A simplistic definition of a controversial idea can help win an argument right from the start. The contest for "humanism" is a good example, and numerous definitions of humanism have been promoted. We understand how humanism is supposed to guide life without consulting any commanding god. After that, things look complicated.
Many humanists during the first half of the 20th century were happy with "religious humanism". Its leadership helped to ensure that religious humanism played a large role in humanism’s analogues of denominations, including Unitarianism-Universalism and the American Humanist Association. Mason Olds briefly describes the aspirations of religious humanism in his essay Religious Humanism, Autumn 1995 . For a longer narrative of religious humanism, read Edwin Wilson’s useful narrative on "The Genesis of the Humanist Manifesto" .

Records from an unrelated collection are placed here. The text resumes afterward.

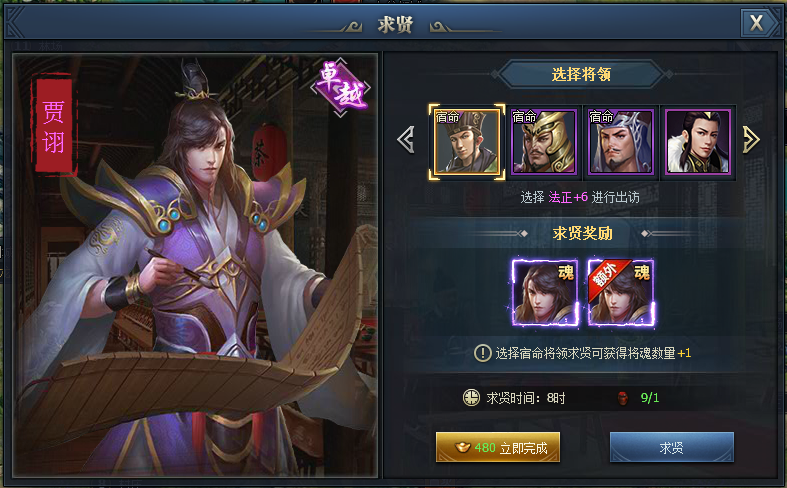 4. 求贤奖励:求贤结束后,可获得大量求贤将领对应的将魂碎片。选择与求贤将领有宿命关系的将领出访能获得更多的碎片奖励。
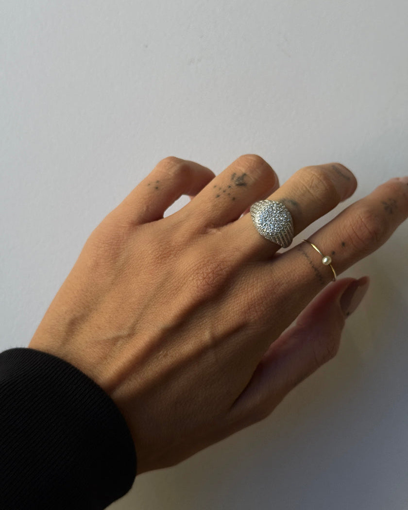 Bellissimo chevalier in argento 925 rodiato con pavè di zirconi luminosissimi.
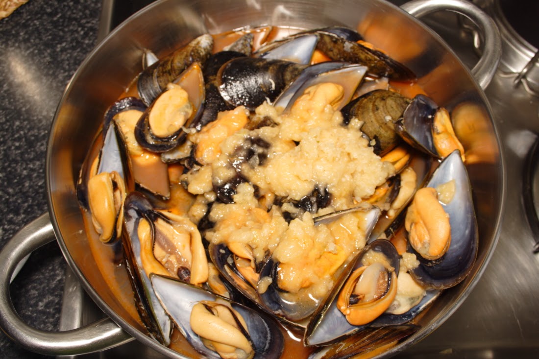 Consejo: La receta no lleva sal. El líquido de cocer los mejillones tiene suficiente.
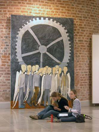 …Отправляясь на выставку, я испытывал чисто профессиональное беспокойство фотографа: утро обыкновенного рабочего дня, а значит, меня ждут пустые залы, и бродить мне и бродить в ожидании первого посетителя. Но оба выставочных зала оказались полны мальчишек и девчонок. Они рисовали. Старательно перерисовывали развешанные на стенах, а кое-где и прямо на полу картины, а потом начинали собственную импровизацию «на заданную тему». Дети были здесь дома. С ними тут говорили на их языке…

By the 1970s, humanism had fractured into two main parts: humanists living without god, and humanists living without any lingering vestige of the religious/spiritual life. What it really meant to be "non-religious" became contested territory, and that divided situation prevails today. The UUs have shown some renewed interest in returning to god-talk and the spiritual life, and the American Humanist Association has tried for its part to repudiate its "religious" humanist past. In 2002 the AHA and its then-President Edd Doerr issued a statement against "hyphenated humanism" in The Humanist [see the AHA website ]. Doerr claims that "the lifestance is by definition naturalistic, scientific, and secular." That’s a too-convenient definition of humanism, especially since secular humanism arose for good reason. It’s just too late to ignore how the meaning of "religion" had already broadened beyond easy definition long before "humanism". Two important definitions of religion were not going to now disappear: religion as dependence on supernaturalism, and religion as engagement with the wonders of nature.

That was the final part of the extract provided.